# ICQ-Bouncer



## YGLT (26. Juni 2006)

Guten Tag 

Ich würde gerne wissen, ob es möglich ist einen Bouncer zu programmieren(vgl.:IRC) für ICQ, sodass man, auch wenn man seinen PC ausschaltet, mit einer bestimmten Awaymessage bei andern Usern als away steht!
Oder gibt es sowas vielleicht schon?


----------



## Helmut Klein (28. Juni 2006)

Naja, ich selbst nutze CenterICQ auf einem root-Server. Ist ein text-basierter ICQ-Client für Linux - damit bin ich auch durchgehend online und eben auf away, wenn ich mal nicht da bin. 
Aber ob es da so eine Art 'Bouncer' gibt, weiß ich nicht.


----------



## YGLT (28. Juni 2006)

Von CenterICQ habe ich auch schon gelesen , jedoch weiss ich nciht so recht was ein Root-Server sein soll.
Bist du denn auch im icq, wenn du dein pc ausschaltest?


----------



## Helmut Klein (28. Juni 2006)

Das ganze würde dann eben so aussehen: http://centericq.com/misc/screenshots/
Kein Geklicke o.ä. - alles wird über die Tastatur gesteuert. Und auf die üblichen ICQ-Extras wie Spiele und grafische Smilies müsstest du auch verzichten.

Ein Root-Server ist einfach ein Server im Internet. Du bräuchtest lediglich einen Shell-Zugang zu solch einem Server und könntest dort Centericq laufen lassen.
Solange der Server online ist, bist auch du online - auch wenn dein PC aus ist.

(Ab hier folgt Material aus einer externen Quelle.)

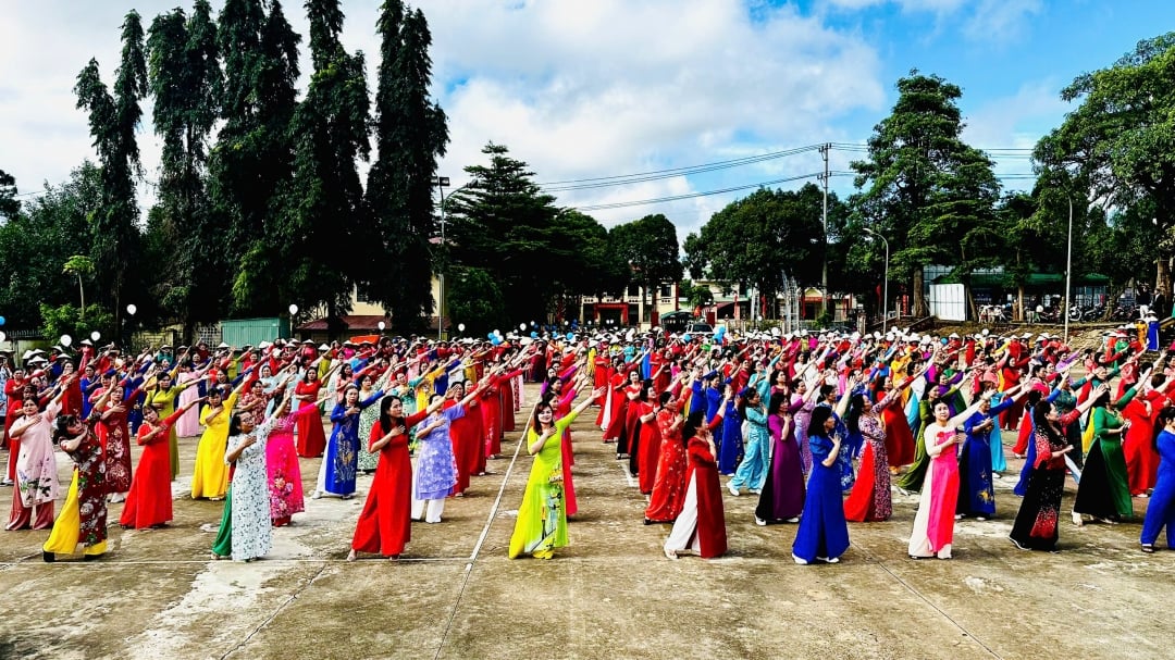 124명의 여성 조합원이 부른 "투반" 노래에 맞춰 진행된 앙상블 공연은 아름다운 몸매와 우아한 아오자이의 모습, 심오한 음악이 어우러져 강렬한 인상을 남겼으며, 베트남 여성의 민족적 자부심과 사회에 기여하고자 하는 의지를 전달했습니다.

Das ganze ließe sich auch über einen normalen IRC-Bouncer lösen. Du könntest dich einfach mit deinem Bouncer zu einem Public-Server von Bitlbee verbinden (Bitlbee ist ein Gateway zu ICQ übers IRC) und wärst dadurch auch durchgehend online.
Siehe: http://bitlbee.org/main.php/servers.html


----------



## YGLT (28. Juni 2006)

Das wäre dann auch mit icq 5.0/1 möglich oder? 
An einen normalen IRC-Bouncer zu kommen wäre eigentlich denke ich kein großes Problem (Sponsoring, oder einfach 99 cent zahlen).


----------



## Helmut Klein (28. Juni 2006)

Nein, eben nicht. Das wären alles eigene ICQ-Clients - daher die Betonung auf textbasiert.


----------



## DonMarkeZ (28. Juni 2006)

Ein ICQ-Bouncer dürfte sowieso nicht funktionieren, denn wenn du einmal bei ICQ online warst und du dich dann mal an einem 2. Rechner angemeldet hast (gleiche Account versteht sich) fliegst du sofort auf dem zuerst angemeldeten raus. Also müsstest du wenn schon eine Art Verlinkung machen die die Daten, sprich den Text, an ein Programm o.ä. schickt, welches dann deinen Text in ICQ reinschreibt. 

Finde ich persönlich ein wenig umständlich, aber naja ^^
Gruss


----------



## alex06 (17. Juli 2006)

Hi, kann mir jemand genau erklären wie das nun mit Center Icq geht (Installieren etc.)?
Kann man Center Icq auch auf einem Funpic Webserver einrichten?

MfG Alex


----------



## blubbpeter (21. Juli 2006)

würde mich auch mal interessieren... weiß da jmd. was ?


----------



## DonMarkeZ (21. Juli 2006)

Hi


> Ein Root-Server ist einfach ein Server im Internet. Du bräuchtest lediglich einen Shell-Zugang zu solch einem Server und könntest dort Centericq laufen lassen.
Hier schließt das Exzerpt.